What the task requires: Only the lines from the top of the records below through the line containing "Dr. Sabine Maria" should be printed, exactly and without pictures.

►

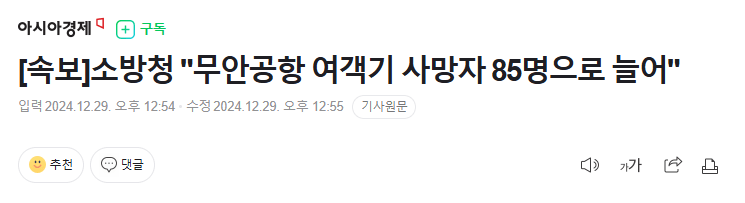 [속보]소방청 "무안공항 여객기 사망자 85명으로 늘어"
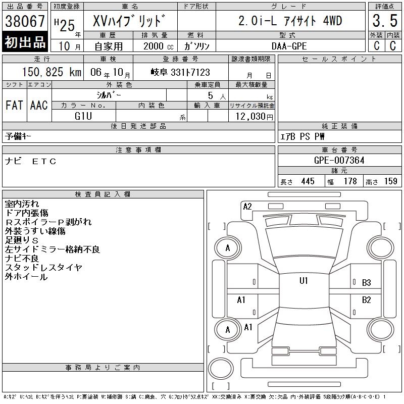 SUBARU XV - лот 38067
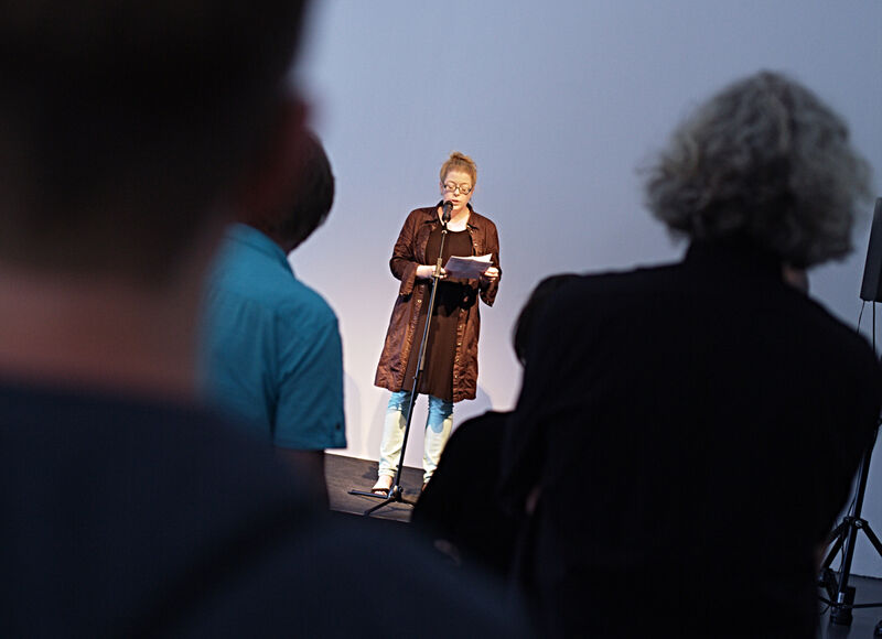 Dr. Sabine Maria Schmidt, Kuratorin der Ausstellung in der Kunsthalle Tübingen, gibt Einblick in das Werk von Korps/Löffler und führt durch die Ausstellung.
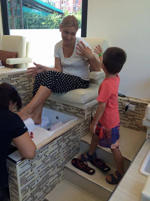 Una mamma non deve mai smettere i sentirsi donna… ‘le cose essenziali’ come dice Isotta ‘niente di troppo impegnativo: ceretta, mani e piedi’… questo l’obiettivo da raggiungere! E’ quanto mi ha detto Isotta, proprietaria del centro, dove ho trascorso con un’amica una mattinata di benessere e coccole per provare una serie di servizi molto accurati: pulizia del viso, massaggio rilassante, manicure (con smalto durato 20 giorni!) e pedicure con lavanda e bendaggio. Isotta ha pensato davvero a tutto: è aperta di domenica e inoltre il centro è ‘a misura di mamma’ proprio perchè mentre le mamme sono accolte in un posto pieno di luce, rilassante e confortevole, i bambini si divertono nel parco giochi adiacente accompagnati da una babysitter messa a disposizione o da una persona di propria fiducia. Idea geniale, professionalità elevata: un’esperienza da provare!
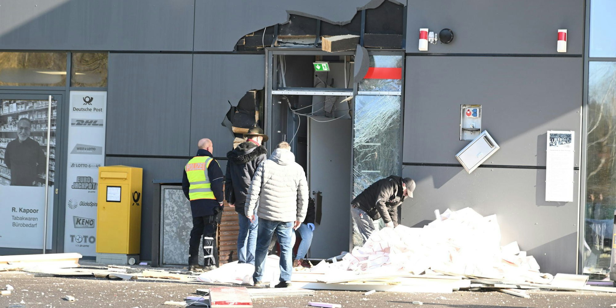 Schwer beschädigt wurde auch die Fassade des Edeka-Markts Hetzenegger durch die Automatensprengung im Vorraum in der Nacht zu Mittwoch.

◄

Task response:
 [속보]소방청 "무안공항 여객기 사망자 85명으로 늘어"
 SUBARU XV - лот 38067
 Dr. Sabine Maria Schmidt, Kuratorin der Ausstellung in der Kunsthalle Tübingen, gibt Einblick in das Werk von Korps/Löffler und führt durch die Ausstellung.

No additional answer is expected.